### WHAT TO WORK ON
What you give back should be exactly the lines from the one with "1、打开应用进入排行页面,点" through the end of the data, without the pictures.

### DATA SEGMENT
= = = = = = =

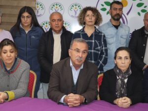 Rêxistina Partiya Wekhevî û Demokrasiyê ya Gelan (DEM Partî) a Îzmîrê derbarê sê polîsên ku daxwaziya sixurkirinê li Hevserokê navçeya Narlidereyê kirine daxuyaniyek da. Gelek welatî, nûnerên saziyên sivîl tevli daxuyaniyê bûn. Daxuyanî Hevserokê DEM Partiyê ya Îzmîrê Selçuk Odabaşi xwend.
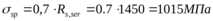 Назначаем величину предварительного напряжения арматуры σsp=1015 МПа и проверяем условие:
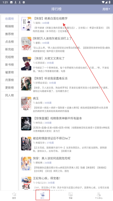 1、打开应用进入排行页面,点击感兴趣的小说,如【绝美白莲在线教学】,进入详情页。
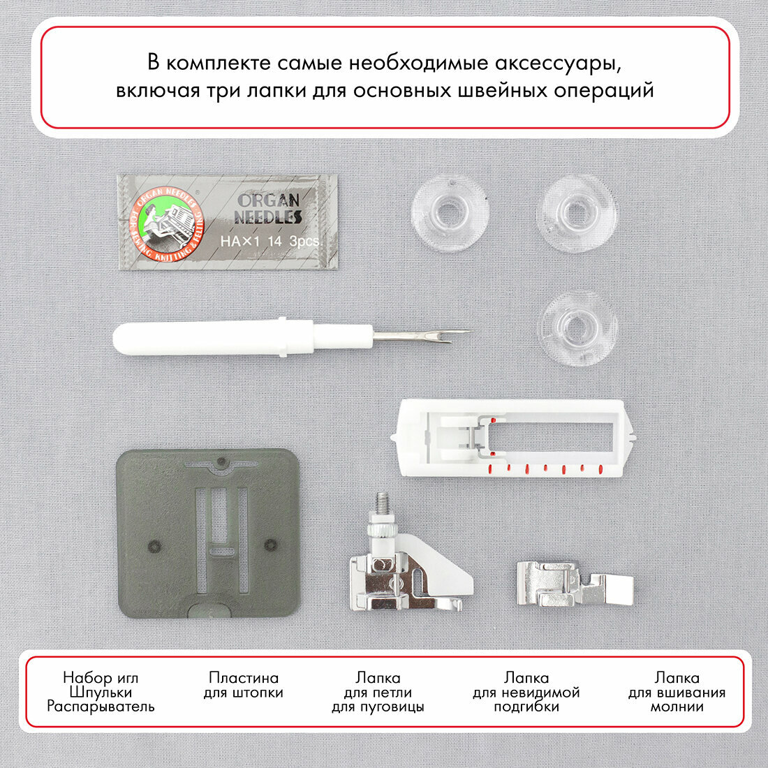 | Строчки | обметочная, потайная, эластичная, эластичная потайная, «зигзаг» |

= = = = = = =

### EXERCISE RESPONSE
 1、打开应用进入排行页面,点击感兴趣的小说,如【绝美白莲在线教学】,进入详情页。
 | Строчки | обметочная, потайная, эластичная, эластичная потайная, «зигзаг» |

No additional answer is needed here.